Far be it for me to retrospectively assess the mental health of Ayn Rand one way or the other.  My point is that, when it comes to innate behavior, the process of Gleichschaltung is well underway.  One can already predict with a fair degree of certainly what most of the “discoveries” about innate human behavior will look like for the foreseeable future.  Be that as it may, one still detects glimmers of light here and there.  As yet, no such “iron curtain” shrouds thought and theory in the behavioral sciences as prevailed during the darkest days of the Blank Slate.  One occasionally finds articles that are “noch nicht gleichgeschaltet” (still not in step), in both Evolutionary Psychology and at Evonomics.  In the former, for example, see “Book Review: What Men Endure to Be Men: A review of Jonathan Gottschall, The professor in the cage: Why men fight, and why we like to watch,” and in the latter a article by Michael Shermer entitled Would Darwin be a Socialist or a Libertarian? that actually has some nice things to say about Friedrich Hayek.  It would seem, then that the process of Gleichschaltung is not yet quite complete, although, given the almost universal lack of ideological diversity in academia, there is no telling how long those few who persist in being “out of step” will still be tolerated.

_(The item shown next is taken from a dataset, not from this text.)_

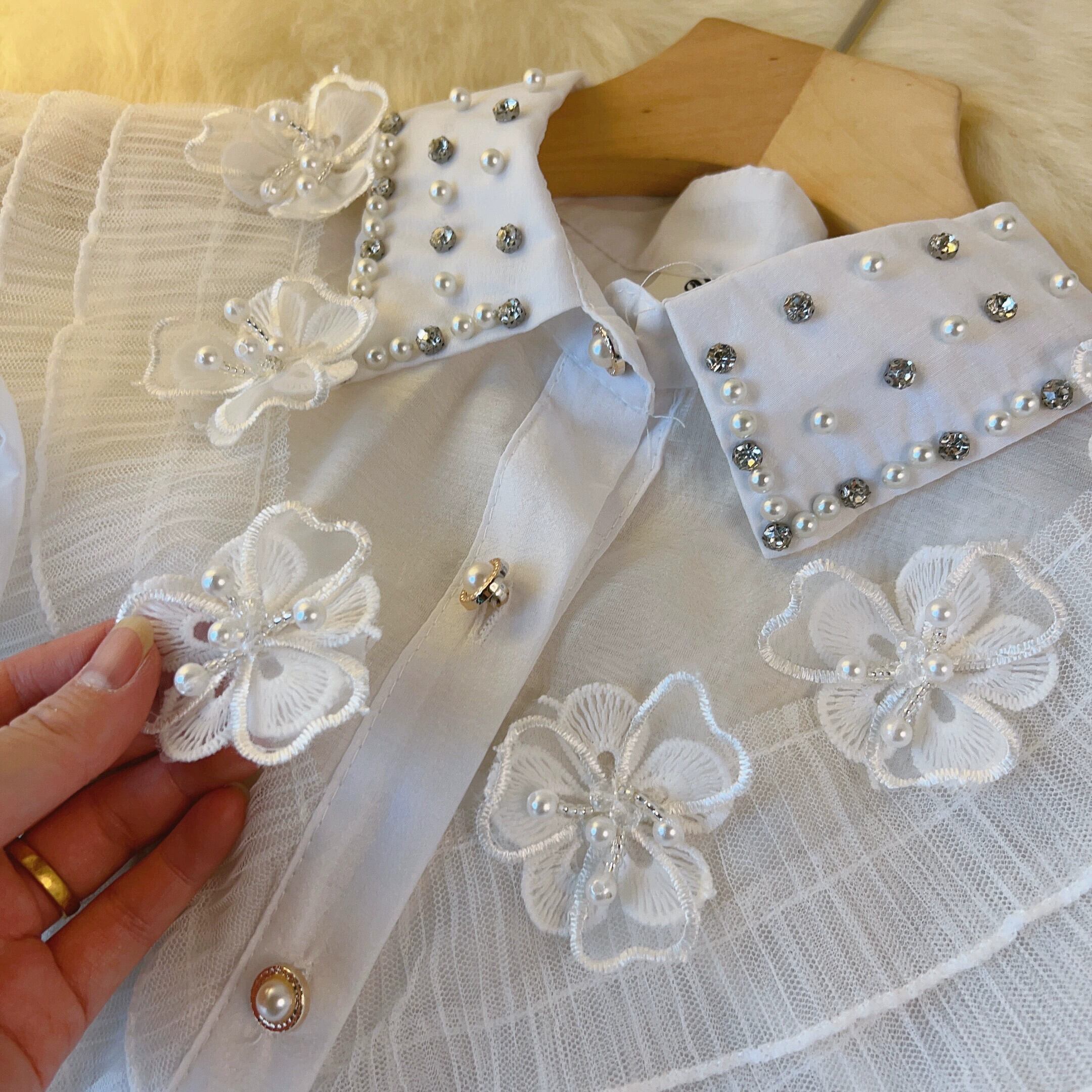 ニッチなデザインセンス気質シフォンカーディガントップレディース夏フランス重工業ダイヤモンドビーズフリルシックシャツ ラッフル サマー 夏物 lyxaj1103354164

Perhaps the greatest cause for optimism is the simple fact that the Blank Slate has been crushed.  There is no longer a serious debate about whether innate human nature exists.  If its existence is accepted as a fact, then psychologists, sociologists, anthropologists, and economists may continue to publish papers portraying it as universally benign and dovetailing perfectly with leftist ideological shibboleths until they are blue in the face.  Neuroscientists, evolutionary biologists, and geneticists will still be out there investigating how these innate processes actually work at the microscopic level in the brain.  With luck, they may eventually be able to discover ways to isolate a few kernels of truth from the chaff of “just so stories” that are inevitable in the publish or perish world of academia.  One must hope they will sooner rather than later, because it is likely that our very survival will depend on acquiring an accurate knowledge of exactly what kind of creatures we are.

In a world full of nuclear weapons, it is probably more important for us to learn what innate aspects of our nature have contributed to the incessant warfare that has plagued our species since before the dawn of recorded time than it is to know how male eye movements influence female sexual receptiveness.  Similarly, it is important for us to be familiar, not just with the “good” innate behaviors commonly found within ingroups, but also with the “ungood” innate behaviors we exhibit towards outgroups, and for that matter, the mere fact that there actually are such things as ingroups and outgroups.  One hardly needs the services of a professional evolutionary psychologist to observe the latter.  Just read the comments at any liberal or conservative website.  There one will find ample documentation of the fact that members of the outgroup are not just wrong, but evil, hateful, and deserving severe punishment which is not infrequently imagined in the form of beating, killing, or, as was recently called for in the case of Sarah Palin, gang rape and other forms of sexual assault.  In other words, “aggression” is still out there, and it isn’t going anywhere.  It might be useful for us to learn how to deal with it without either annihilating ourselves or destroying the planet we live on.  Behavioral scientists might want to keep that in mind while they’re composing their next paper on the “nice” aspects of human behavior.

Ingroups and Outgroups and Ideologues

The Blank Slate is not over.  True, behavioral scientists, intellectuals, and ideologues of all stripes now grudgingly admit something that has always been obvious to those Donald Trump refers to as the “poorly educated,” not to mention reasonably perceptive children; namely, that there is such a thing as human nature.  However, many of them only admit it to the point where it interferes with their imaginary utopias of universal brotherhood and human flourishing, and no further.  Allow me to consult the source material to illustrate what I’m talking about.  In Man and Aggression, published in 1968, Blank Slate high priest Ashley Montagu wrote,

…man is man because he has no instincts, because everything he is and has become he has learned, acquired, from his culture, from the man-made part of the environment, from other human beings… The fact is, that with the exception of the instinctoid reactions in infants to sudden withdrawals of support and to sudden loud noises, the human being is entirely instinctless… Human nature is what man learns to become a human being.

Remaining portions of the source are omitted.